足早にラウンジを出たワタリは、駆け込むような勢いのままエレベーターに乗り込み、自室へと向かう。共有されているスペースとは打って変わって、部屋の近くはすっかり賑わいも冷め、しんとした空間が広がっていることが多い。
その中でもワタリの部屋は手荒いに程近く、他の光霊達の部屋に比べれば多少は賑やかであったが、このときばかりはいやに静かであった。
鳴り響くのはワタリが奏でる足音のみ。コツコツと靴底が巨像の床を踏み鳴らして、どことなく耳触りのいい音だった。
幸い他人とは擦れ違うこともなく、彼は自室の前に辿り着くことができた。そして、扉を開けると惜し気もなく部屋の中に押し入り、無意識に勢いよく扉を閉める。そのあとに部屋の中に足を運ぶ――のではなく、閉めた扉に背を預けると、そのままゆっくりと膝を曲げた。
ずるずると力なくへたりこむワタリは、小さく頭を抱える。はあ、と溜め息を深く吐き、数回深呼吸を繰り返した。恐怖だか驚きだかで暴れる心臓が不気味で、頭の奥からほんの少しの鈍痛を覚える。ズキズキと、まるで頭を悩ませているワタリを嘲笑うかのよう。

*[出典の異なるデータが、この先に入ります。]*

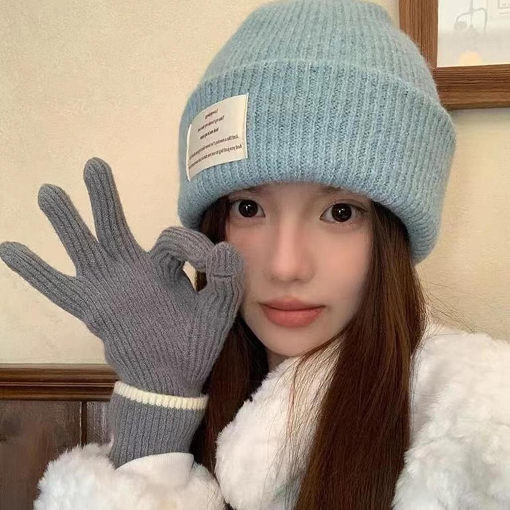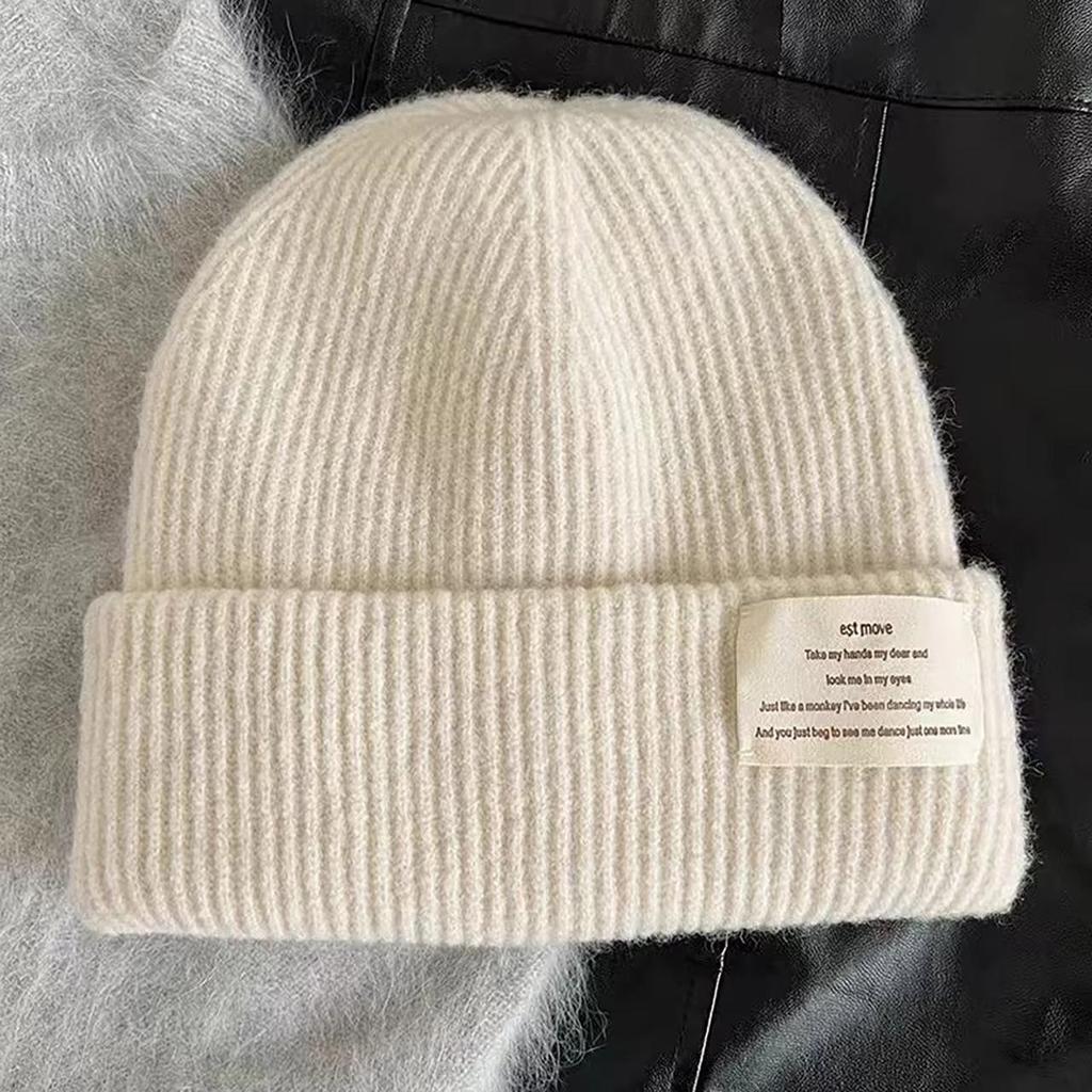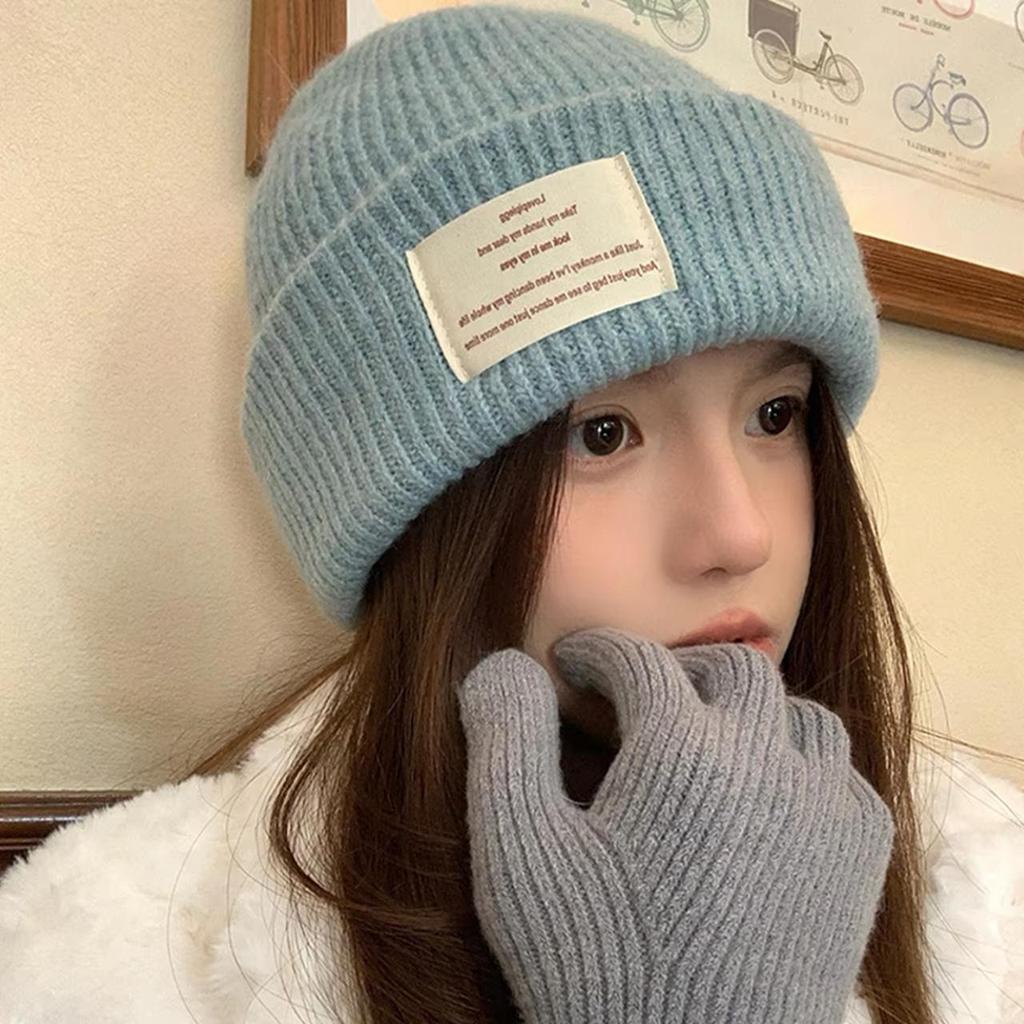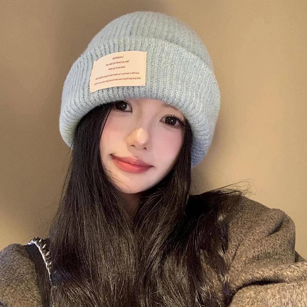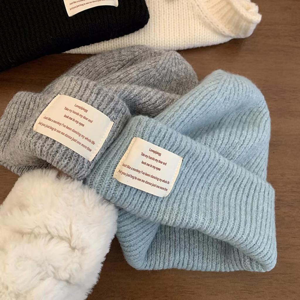 Женская шерстяная вязаная зимняя утолщенная шапка однотонная с надписью бини шапка-чулок корейская девушка грелка для ушей защита от холода шапка-пуловер

――欲を見た。青く空のようの澄んだ瞳の奥底で、燃えるような感情がワタリをじっと凝視していた。
名前を呼ばれるまですっかり気を抜いてしまっていた。落とすことにした、と言う割には特別何かを仕掛けてくる様子もなければ、手を出してくることもない。ただ、普通よりもいくらか距離が近くなり、言葉を交わすことが増えた程度で、ワタリが警戒していた明らかなものは少しも顔を見せることはなかった。
それが――機会を窺っていただけに過ぎないというのに、彼は今更気が付いてしまった。
「…………っはあ」
警戒を怠ってはならない。
ワタリは大きく息を吐き、徐に立ち上がる。生活に必要最低限の家具が並ぶ部屋にある、研究のための道具を求めるよう、彼は棚へと一直線に歩いていった。
――ほんの少しでいい。悩みの種を、忘れてしまいたかった。
ズキリと痛む頭を抱え、ワタリは慣れ親しんだメスをそっと取り出すのだった。